The case spans the legal systems of France, where the mother lives and where Laurys was born in April 2021; Nigeria, where Laurys was taken by dual British-Nigerian national Adeyeye and where a Nigerian court has ordered him to stay with a family said to be Adeyeye’s relatives; and the UK, where Laurys has British nationality via his father.

It also involves, as the judge put it, “a balancing exercise” between Articles 8 and 10 of the European Convention on Human Rights. The former protects family privacy and the latter free reporting. But, sitting in the Family Division of the High Court, the judge said that although this was often a difficult balance to strike, that was not the case here.

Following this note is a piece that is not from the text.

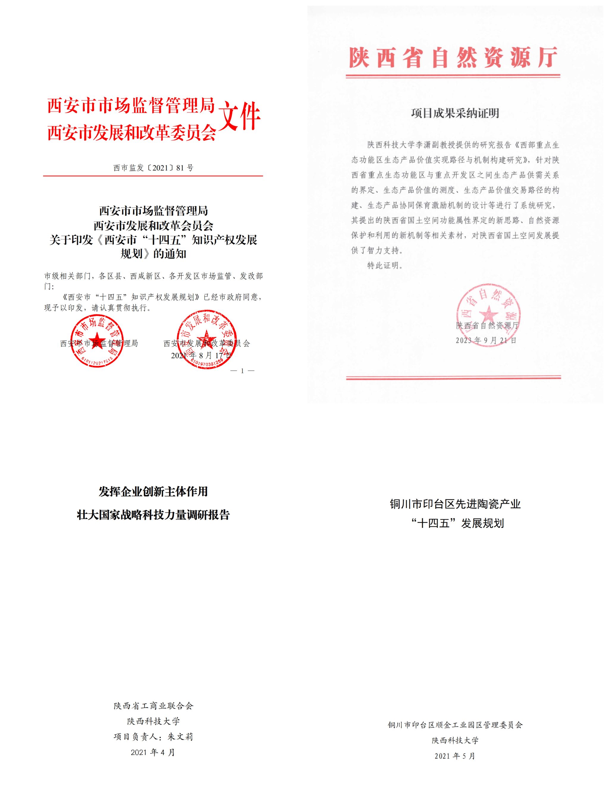 2024年學(xué)院獲批“數(shù)字經(jīng)濟(jì)”本科專業(yè)、“數(shù)字經(jīng)濟(jì)”“知識產(chǎn)權(quán)”專業(yè)碩士學(xué)位授權(quán)點;2022年以來形成了“傳統(tǒng)產(chǎn)業(yè)生態(tài)化發(fā)展研究中心”“創(chuàng)新發(fā)展與城市治理研究中心”“科技金融研究中心”等科研團(tuán)隊,為學(xué)院開展陜西創(chuàng)新發(fā)展急需的“數(shù)字經(jīng)濟(jì)”“知識產(chǎn)權(quán)”等方面的高級人才的培養(yǎng)提供平臺。學(xué)院響應(yīng)國家戰(zhàn)略和地方發(fā)展需求,結(jié)合學(xué)校輕工特色和知識產(chǎn)權(quán)轉(zhuǎn)化優(yōu)勢,凝練出傳統(tǒng)產(chǎn)業(yè)生態(tài)化和數(shù)字化轉(zhuǎn)型、技術(shù)創(chuàng)新與知識產(chǎn)權(quán)運營管理、生態(tài)環(huán)境治理與綠色生產(chǎn)、“一帶一路”經(jīng)貿(mào)合作等新興研究領(lǐng)域。承接了“西安市技術(shù)產(chǎn)權(quán)交易項目評估體系研究”“‘一帶一路’國際院士合作基地建設(shè)方案編制”“數(shù)字時代技術(shù)創(chuàng)新對資源型產(chǎn)業(yè)的影響研究”等橫向科研項目;制定的“郵政快遞企業(yè)安全生產(chǎn)管理規(guī)范”成為陜西省地方標(biāo)準(zhǔn);編撰完成了“西安市‘十四五’知識產(chǎn)權(quán)發(fā)展規(guī)劃”“西安市高新區(qū)知識產(chǎn)權(quán)服務(wù)標(biāo)準(zhǔn)化建設(shè)與規(guī)劃”“安康市毛絨玩具文創(chuàng)產(chǎn)業(yè)發(fā)展規(guī)劃”等政府和行業(yè)協(xié)會委托的發(fā)展規(guī)劃;提交的“關(guān)于加快推進(jìn)陜西食品產(chǎn)業(yè)高質(zhì)量發(fā)展研究報告”“市場主體要為共同富裕奠定充足的物質(zhì)與精神基礎(chǔ)”等5份研究報告先后被省級領(lǐng)導(dǎo)批示或被教育部等省級部門采納。

Adeyeye and Ms N’Djosse met in Grenoble, where they separated before Laurys was born. In 2023 a French court awarded Ms N’Djosse sole custody but said Adeyeye should have contact. In July 2024 Laurys spent his first night with Adeyeye, but he did not return. Instead Adeyeye took him via England to Nigeria.

 

Laurys     Laurys      Laurys

The court took the unusual step of permitting the names and images of father and child to be placed in the public domain. Pictures courtesy of Champion News

French authorities issued an international arrest warrant, and Adeyeye was detained in the UK in December 2024. Laurys remained in Nigeria, subject to guardianship orders that Judge Hayden said were based on “false and probably fraudulent information indicating that both parents had consented”.

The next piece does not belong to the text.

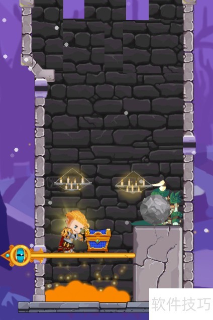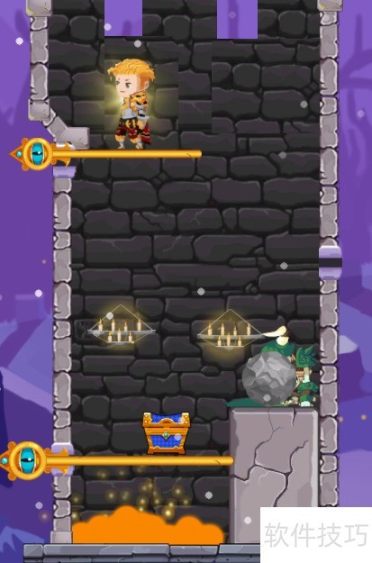 1、 本关含三个横向插销,宝箱位于熔岩上方,具体布局见示意图。

But, the judge said, “Nigeria is not a signatory to the 1980 Hague Convention on International Child Abduction, and there is no treaty-based mechanism for securing Laurys’s return to France”.

After Adeyeye’s’ arrest, the UK courts granted Location and Return Orders to London or Paris. Adeyeye’s bid to appeal against these was refused, and in November last year he was found in contempt of court for being in breach of the orders and sentenced to six months in prison. During this time he was found to be in further breach and sentenced to another 12 months, only to be mistakenly released.

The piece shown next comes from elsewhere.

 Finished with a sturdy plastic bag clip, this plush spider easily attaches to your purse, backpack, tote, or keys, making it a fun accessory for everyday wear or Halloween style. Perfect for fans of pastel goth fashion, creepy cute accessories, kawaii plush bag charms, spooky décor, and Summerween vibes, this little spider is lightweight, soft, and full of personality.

In an email dated two days after the release, Pentonville prison apologised for their error and said they “will be contacting the police”. The judge said this indicated nothing had yet been done and that the email generally displayed “an alarming lack of urgency”.

Judge Hayden said the release had devastated Ms N’Djosse as Adeyeye’s detention was “the best, perhaps only, hope for the reunification of this boy with his mother”.

The abduction was, the judge said, “at the very top end of the index of gravity. In the Criminal Courts of England and Wales, it would attract a lengthy prison sentence.”

He said Ms N’Djosse’s pain was “visceral and unbearable to watch”. Laurys was a child who “had never spent a night away from her before and whom she has not seen since”, and who must have been “terrified, missing his home, his mother, his friends, his entire world”.

The judge concluded by saying he would be sending a copy of his judgment directly to the governor of HMP Pentonville to be passed immediately to the chief constable of the Metropolitan Police.